We investigated the impact of pressure on thermophilic, chemolithoautotrophic NO 3 reducing bacteria of the phyla Campylobacterota and Aquificota isolated from deep-sea hydrothermal vents. Batch incubations at 5 and 20 MPa resulted in decreased NO 3 consumption, lower cell concentrations, and overall slower growth in Caminibacter mediatlanticus (Campylobacterota) and Thermovibrio ammonificans (Aquificota), relative to batch incubations near standard pressure (0.2 MPa) conditions. Nitrogen isotope fractionation effects from chemolithoautotrophic NO 3 reduction by both microorganisms were, on the contrary, maintained under all pressure conditions. Comparable chemolithoautotrophic NO 3 reducing activities between previously reported natural hydrothermal vent fluid microbial communities dominated by Campylobacterota at 25 MPa and Campylobacterota laboratory isolates at 0.2 MPa, suggest robust similarities in cell-specific NO 3 reduction rates and doubling times between microbial populations and communities growing maximally under similar temperature conditions. Physiological and metabolic comparisons of our results with other studies of pressure effects on anaerobic chemolithoautotrophic processes (i.e., microbial S0-oxidation coupled to Fe(III) reduction and hydrogenotrophic methanogenesis) suggest that anaerobic chemolithoautotrophs relying on oxidation–reduction (redox) reactions that yield higher Gibbs energies experience larger shifts in cell-specific respiration rates and doubling times at increased pressures. Overall, our results advance understanding of the role of pressure, its relationship with temperature and redox conditions, and their effects on seafloor chemolithoautotrophic NO 3 reduction and other anaerobic chemolithoautotrophic processes.
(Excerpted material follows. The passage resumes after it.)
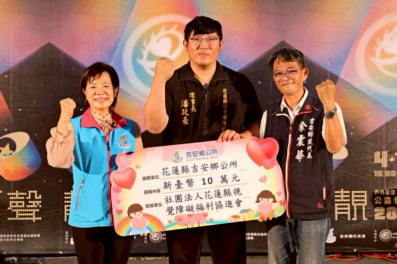 吉安鄉公所長期關懷弱勢族群協力與各項福利支持,昨(18)日晚間再度以實際行動傳遞溫暖。花蓮縣視覺障礙福利協進會舉辦結合公益、生命教育、歌唱與樂器演奏的「靚靚原聲戶外星空生命教育公益音樂會」,活動吸引眾多鄉親踴躍參與,在樂聲與掌聲中感受生命的力量與人間的溫情。鄉長游淑貞出席捐贈仁愛基金十萬元傳達對弱勢團體的關懷,並接受該協會理事長潘正豪頒發感謝狀,以感謝游鄉長長年支持與鼓舞視障族群懷抱正能量迎向未來。

化学岩石自养NO 3−还原剂对高静水压力的生理和代谢反应
我们研究了压力对深海热液喷口分离的弯曲菌门和水蛭门的嗜热、化能自养NO 3−还原细菌的影响。与标准压力(0.2 MPa)条件下的分批培养相比,在5和20 MPa条件下的分批培养导致中大西洋Caminibacter mediatlanticus (Campylobacterota)和Thermovibrio amificans (Aquificota)的NO 3−消耗减少,细胞浓度降低,总体生长速度减慢。相反,在所有压力条件下,这两种微生物的化化岩石自养NO 3−还原的氮同位素分馏效应都保持不变。先前报道的以弯曲菌群为主的天然热液喷口流体微生物群落在25 MPa和在0.2 MPa下弯曲菌群实验室分离物的化学岩石自养NO 3−还原活性比较结果表明,在相似温度条件下,微生物种群和微生物群落在细胞特异性NO 3−还原速率和倍增率方面具有很强的相似性。将我们的研究结果与其他关于压力对厌氧化石化自养过程影响的研究(即微生物氧化与铁(III)还原和氢营养化甲烷生成)的生理和代谢比较表明,依靠氧化还原(氧化还原)反应产生更高吉布斯能量的厌氧化石化自养生物在细胞特异性呼吸速率方面经历了更大的变化,并且在压力增加时增加了一倍。总的来说,我们的研究结果促进了对压力的作用、压力与温度和氧化还原条件的关系,以及它们对海底化学化石自养no3−还原和其他厌氧化学化石自养过程的影响的理解。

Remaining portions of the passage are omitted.